Over the weekend I refactored my POUND project into services and put it on AWS. Repo is private for now, but I wanted to explain the architecture.

  1. The client, which handles a few jobs:
    • Fingerprint the browser
    • Prepare a pageview data object
    • Update the hash
    • Send the pageview

    83kb in compiled form, could probably get it sub-5okb by dropping the cookie library. Most of the page weight is in the fingerprinting. This site is currently carrying the client (you should see a hash in the URL above).

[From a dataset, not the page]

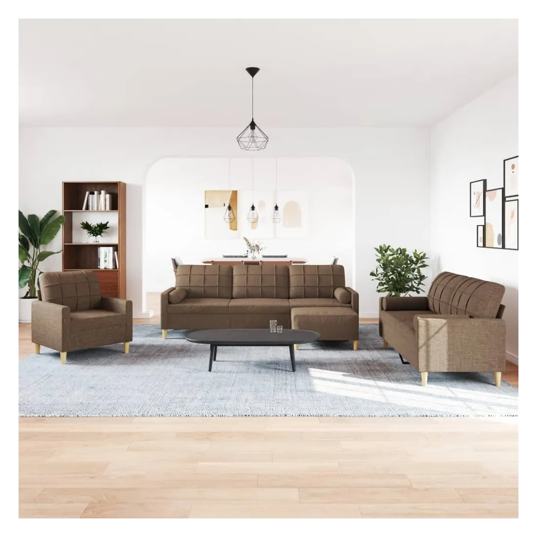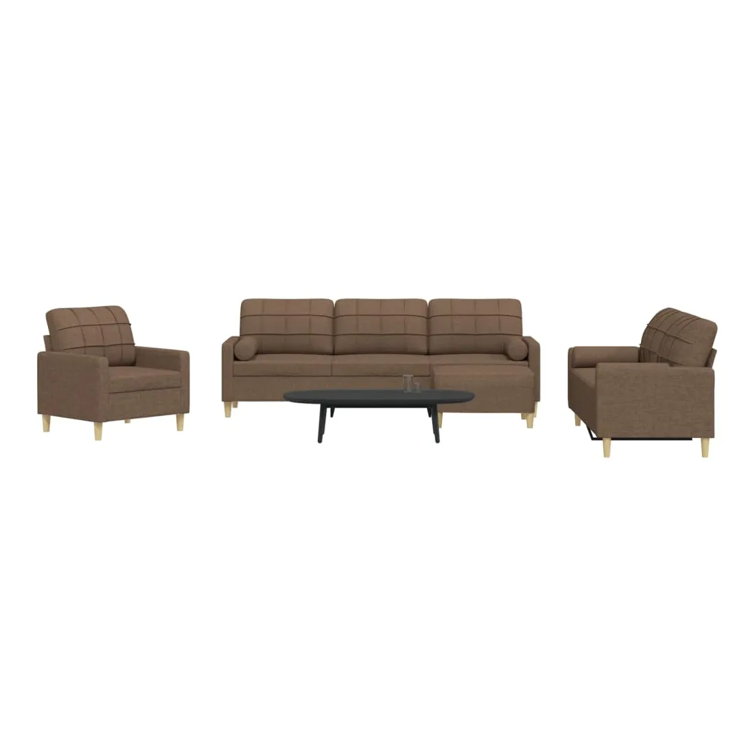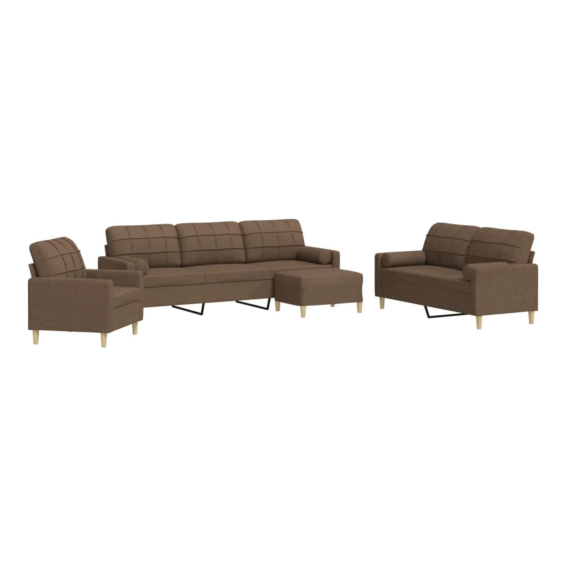 vidaXLCet ensemble de canapés est un excellent endroit pour discuter, lire, regarder la télévision ou simplement vous détendre. Il est destiné à être un point central de votre maison. Matériau doux et durable : le tissu en polyester offre une combinaison de douceur, de respirabilité et de durabilité, vous garantissant un confort et une convivialité ultimes. Cadre robuste et stable : le cadre en métal du canapé en tissu assure robustesse et stabilité. Expérience d'assise confortable : le canapé est très confortable avec les sièges, les accoudoirs et les oreillers de dossier bien rembourrés. Oreillers cylindriques pratiques : ces oreillers cylindriques non seulement embellissent votre décor, mais ils peuvent également apporter un confort supplémentaire lorsque vous êtes assis ou allongé. Pouf polyvalent : ce repose-pied convient pour reposer vos pieds lorsque vous êtes allongé dans un canapé, ou pour vous offrir un siège supplémentaire dans votre pièce. De plus, le design simple et la taille compacte le rendent idéal pour presque tous vos espaces de vie.

  2. AWS API Gateway. I ended up making this using a GET request because they are faster. I am passing my pageview data through headers. Using GET should also mean that the browser silently retries requests. API Gateway provides configuration for CORS and also comes with SSL standard.
  3. AWS Lambda function that takes the pageview event, does some light transformation/enrichment, and then puts a new item into DynamoDB.
  4. AWS DynamoDB table. Previously I had been using Firebase Storage but this approach should be more scalable. I flirted briefly with AWS Firehose into S3 & Redshift, but there was too much configuration required and I like the flexibility of NoSQL for now.
  5. Create React App/Vis.js. This part is pretty much the same as before, just moved to S3 and refactored for the new data supply. New link.

The visualization needs the most work right now. I hit the limits of Vis.js and really need to move into d3. The timeseries nature of data is missing currently, and I need to figure out a good way of conveying the “multiple pages” concept (or maybe it’ll be better to isolate to a single GUID at once). I’m also collecting user agent and IP address now for removing bots and geolocating later.

Posted Jun. 26 2017, 1:25 pm by davis